I have no interest whatsoever in your wacko politics. Save it for someone else with their head in the clouds.

oilhammer October 11th, 2016 10:12

California tried ramming EVs down their residents' throats a few years back. They mandated every manufacturer that was going to sell new vehicles in that state had to sell a certain percentage of EVs. It was a big deal in the trade magazines, because there is always the fear that a lot of their rules and regulations, like George Clooney's smug cloud, will drift east and become an issue for the rest of us. While sometimes this does happen, thankfully the EV nonsense fizzled pretty quickly.

It did give Californians access to hastily designed and built electric versions of Chevrolet S10s, Ford Rangers, Toyota RAV4, and others. These were of course mostly sold to gov't agencies on taxpayers dimes and I would imagine hardly any are still in use today (although the ICE version of all of these could easily still be in use, many probably are :rolleyes: ).

When the manufacturers realized that nobody was going to guy them, they just decided they would not sell cars in California. Kind of like when the CARB folks would not let Volkswagen sell new TDIs there. So, people that wanted them just paid MORE to buy "used" ones, thus not only thwarting the rules, but also robbing California of sales tax and other dealer revenue.
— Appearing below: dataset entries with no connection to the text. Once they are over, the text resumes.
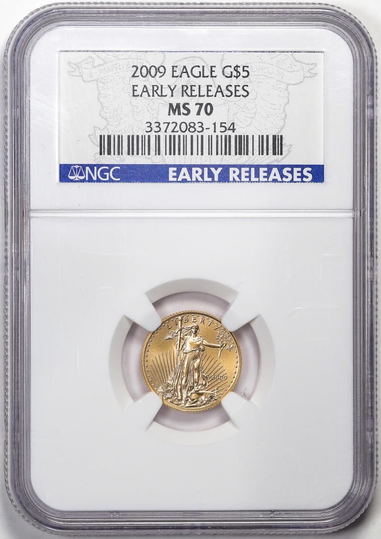 One 2009 $5 American Gold Eagle Coin NGC MS70 Early Releases. NGC Certified.
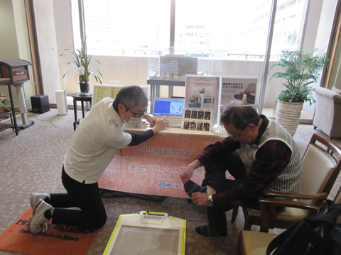 スポーツミツハシ様のご協力による、お悩み相談会を行いました。通常時の重心と特許取得のインソールを付けた時の重心の変化を体験していただきました。インソールを付けた時の安定に皆さまビックリ!
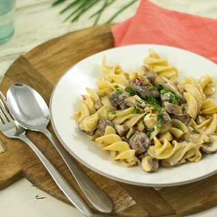 Verhit de olijfolie in een wok of hapjespan en fruit de knoflook, ui en rode peper 2 minuten. Voeg de champignons toe en bak 4 minuten op middelhoog vuur. Zet het vuur laag, voeg de pasta, de room en parmezaanse kaas toe en verwarm nog 1 minuut. Breng op smaak met peper en zout en garneer met de bieslook.
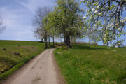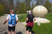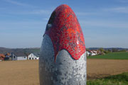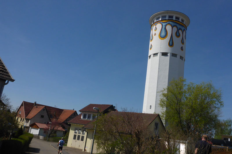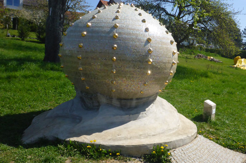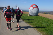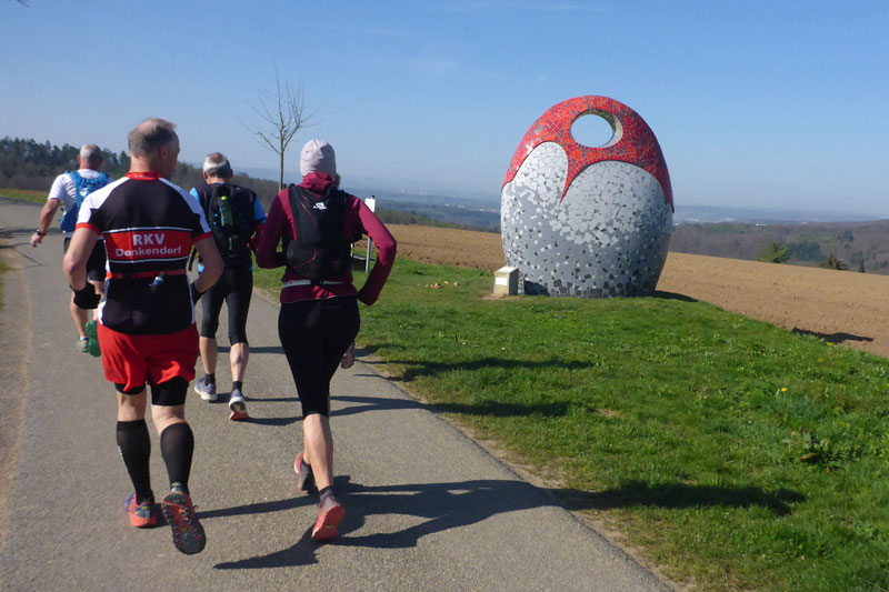 Natürlich gibt es virtuell keine vorgegebene Startzeit, mit dem Überlaufen der Matte geht’s unspektakulär los. Der Lichtenwalder Höhenweg führt uns nach 700 Metern in den Ortsteil Hegenlohe, wo normalerweise die Rennen gestartet werden. Nur kurz tangieren wir das Wohnviertel. Wenig später passieren wir die Eiförmige Skulptur „Augenblick“, sie soll mit dem glitzernden Fenster zur Alb hin Naturverbundenheit und Fernweh symbolisieren. Auch ohne den Blick durch das Loch des Kunstwerks können wir eindrucksvoll unter einem weiten blauen Himmel die Kaiserberge im Süden genießen.
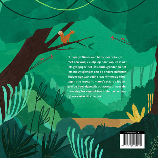 Tijdens een wandeling laat Nimmetje Nim, tegen alle regels in, mama’s staartje los. Ze gaat heel eigenwijs achter een prachtige kolibrie aan en vindt de mooiste plek van het bos. Een prachtig meer met een regenboog van kleuren die ze zelf tevoorschijn tovert met haar slurf. Mama is trots op haar eigenwijze Nimmetje, want die nieuwsgierigheid maakt haar juist zo bijzonder. En haar kuifje natuurlijk!
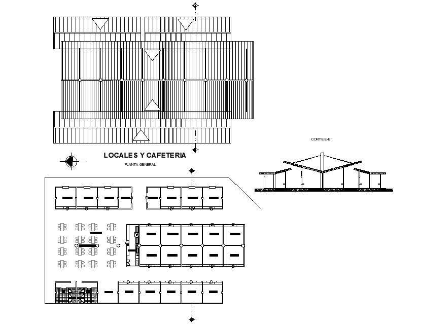 Cafe plan detail dwg file, roof plan detail, section line detail, naming detail, north direction detail, section detail, etc.

CARB caved, and in one magazine there was a nice article about an apology from them for such a bonehead move that clearly was doomed to failure. However, the idea was certainly sound. They just needed a little better planning, and really more time for technology to mature. California is WAY behind Germany on that front, in that Germans already tend to buy more economical cars to begin with, and do not have the huge fleet of old cars on the road. SoCal is chock full of old (and I mean OLD, pre-emission control of any kind) cars. If nothing rusts out, and you can still get parts for them, and you do not crash them....
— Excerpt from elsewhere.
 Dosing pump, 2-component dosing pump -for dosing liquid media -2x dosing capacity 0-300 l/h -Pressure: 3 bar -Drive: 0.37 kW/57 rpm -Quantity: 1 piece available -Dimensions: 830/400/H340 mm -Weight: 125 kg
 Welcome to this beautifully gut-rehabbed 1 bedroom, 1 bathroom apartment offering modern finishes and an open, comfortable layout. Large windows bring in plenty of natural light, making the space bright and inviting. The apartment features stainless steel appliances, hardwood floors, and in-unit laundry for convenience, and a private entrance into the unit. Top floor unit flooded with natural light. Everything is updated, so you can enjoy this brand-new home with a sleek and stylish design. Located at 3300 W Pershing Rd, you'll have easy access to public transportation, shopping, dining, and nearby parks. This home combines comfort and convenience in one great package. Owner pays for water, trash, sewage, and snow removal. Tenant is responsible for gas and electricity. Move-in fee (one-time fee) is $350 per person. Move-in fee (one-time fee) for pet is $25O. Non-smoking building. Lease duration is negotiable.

oilhammer October 11th, 2016 10:16

Quote:

Originally Posted by Jimmy Coconuts (Post 5155591)
Yup, I'm picturing all those "classic cars" in Cuba...


Most of which are powered by Japanese diesel engines from small pickup trucks. ;)
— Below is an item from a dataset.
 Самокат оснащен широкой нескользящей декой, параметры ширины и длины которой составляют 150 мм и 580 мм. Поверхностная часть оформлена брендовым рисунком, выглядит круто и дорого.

LogicBomb October 11th, 2016 10:26

Quote:

Originally Posted by oilhammer (Post 5155653)
SoCal is chock full of old (and I mean OLD, pre-emission control of any kind) cars. If nothing rusts out, and you can still get parts for them, and you do not crash them....


Well there's more at play than just "what doesn't rust out", all Pre 75 vehicles are SMOG exempted, thus there's a huge user base that modifies vehicles, and can only do so, legally without paying stupid money for CARB EO parts, with a smog exempt vehicle. Even I myself have recently joined this crowd in my Search for a pre-74 BMW 2002.

But I rarely see such cars daily driven on the road. Most are weekend or show cruisers.

GoFaster October 11th, 2016 11:01

This didn't come from a "lawmaker", it came from an advocacy group with no authority.

donDavide October 11th, 2016 11:25

Lunacy, just pure lunacy.

Macradiators.com October 11th, 2016 12:08

clearly a joke. never gonna happen anytime soon.